Jojo Rabbit is ultimately a frustrating experience. There is so much to like here: the general story being told is an interesting one, there are plenty of good performances with no bad ones, it looks good and it works as a drama film and as a comedy if you were to view such things separately (though neither side is anywhere close to Waititi’s high water mark). Moreover, it has the kind of resonant message that should be drummed into the male youth of today, that reversion to hate leads to unfulfillment and misery.

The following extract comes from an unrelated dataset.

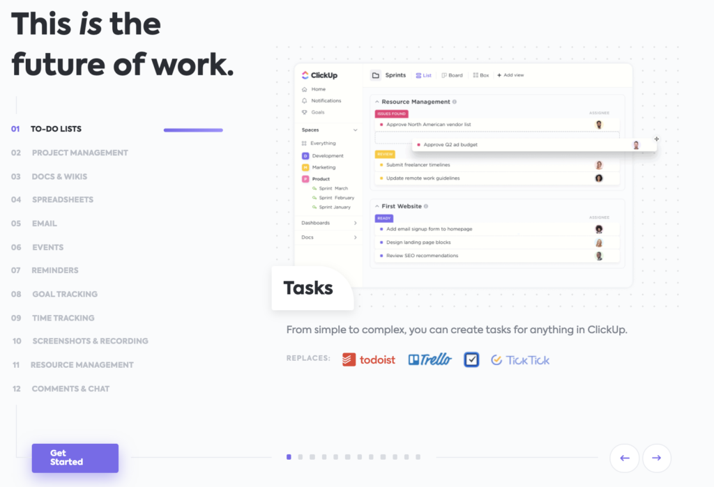 ClickUp er en skybasert samarbeids- og prosjektstyringsløsning laget for virksomheter i alle størrelser og alle typer spesialisering. Den tilbyr en rekke kraftige funksjoner laget for oppgavebehandling, for eksempel varsler, oppgavetildelinger og statuser.
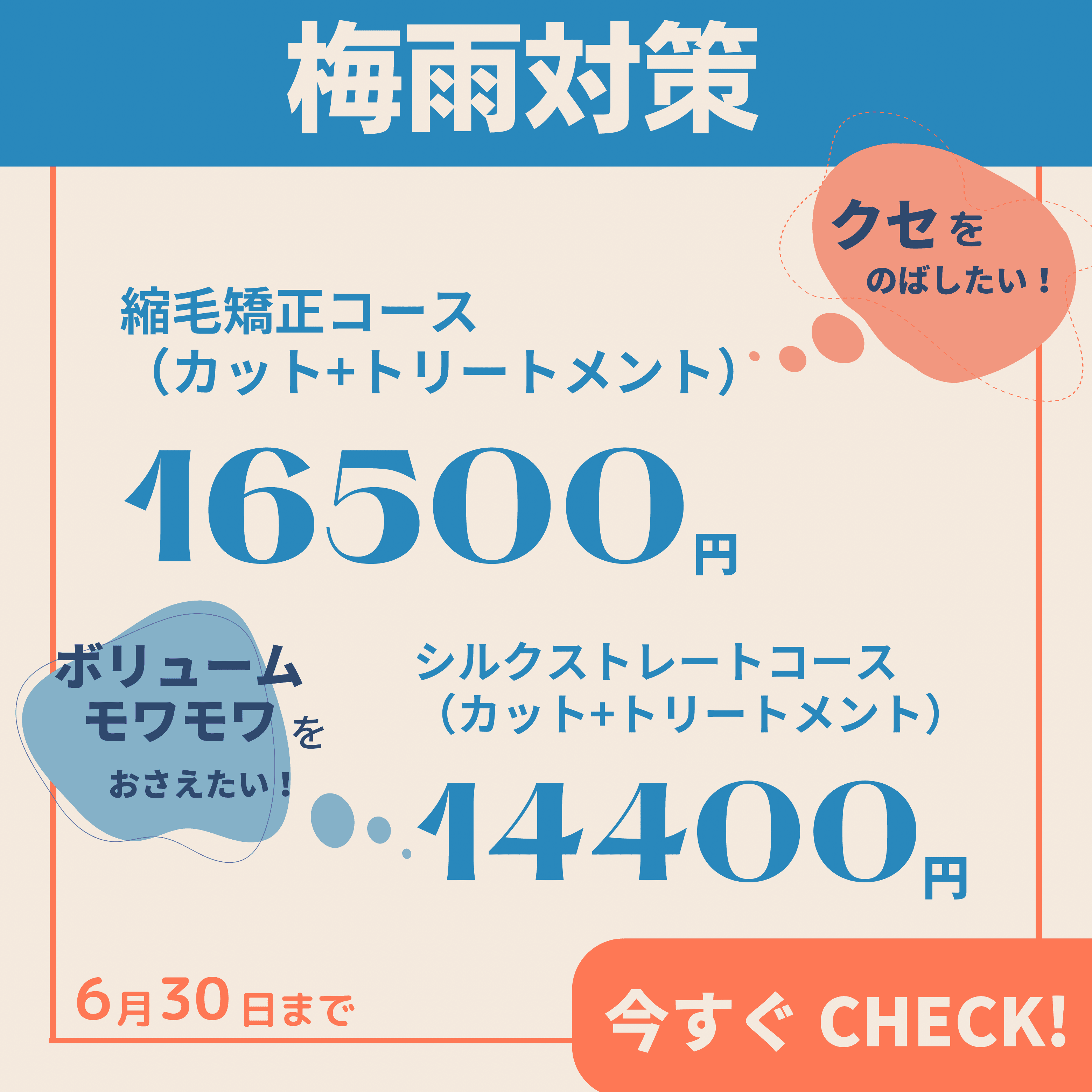 湿気やエイジングによる髪のくせや膨らみのストレスを解消しませんか? [“新しい”縮毛矯正キャンペーン] 美髪酸性ストレートで梅雨を安心☂️選べる3つのクーポンをご用意しました!ご自分に合ったものを […]

But Waititi isn’t able to pull it all off. The dissonance between the reality of Nazi Germany and the humour he wants to impart is difficult to get beyond for me, the Elsa character is underwritten and, in presenting what can only be described as a fantasy version of late-war Germany, Waititi could be accused of under-representing one of the greatest crimes in human history in favour of jokes about Hitler not having only one ball, but four. His next project is a dramatisation of Next Goal Wins, one of my favourite documentaries, and I can only hope that he doesn’t aim to make a total skit of that as well. Jojo Rabbit is a film I don’t want to dismiss entirely, carrying plenty of worthwhile film-making in it, so for that reason, it is recommended. But I would not go so far as to say it is a good film.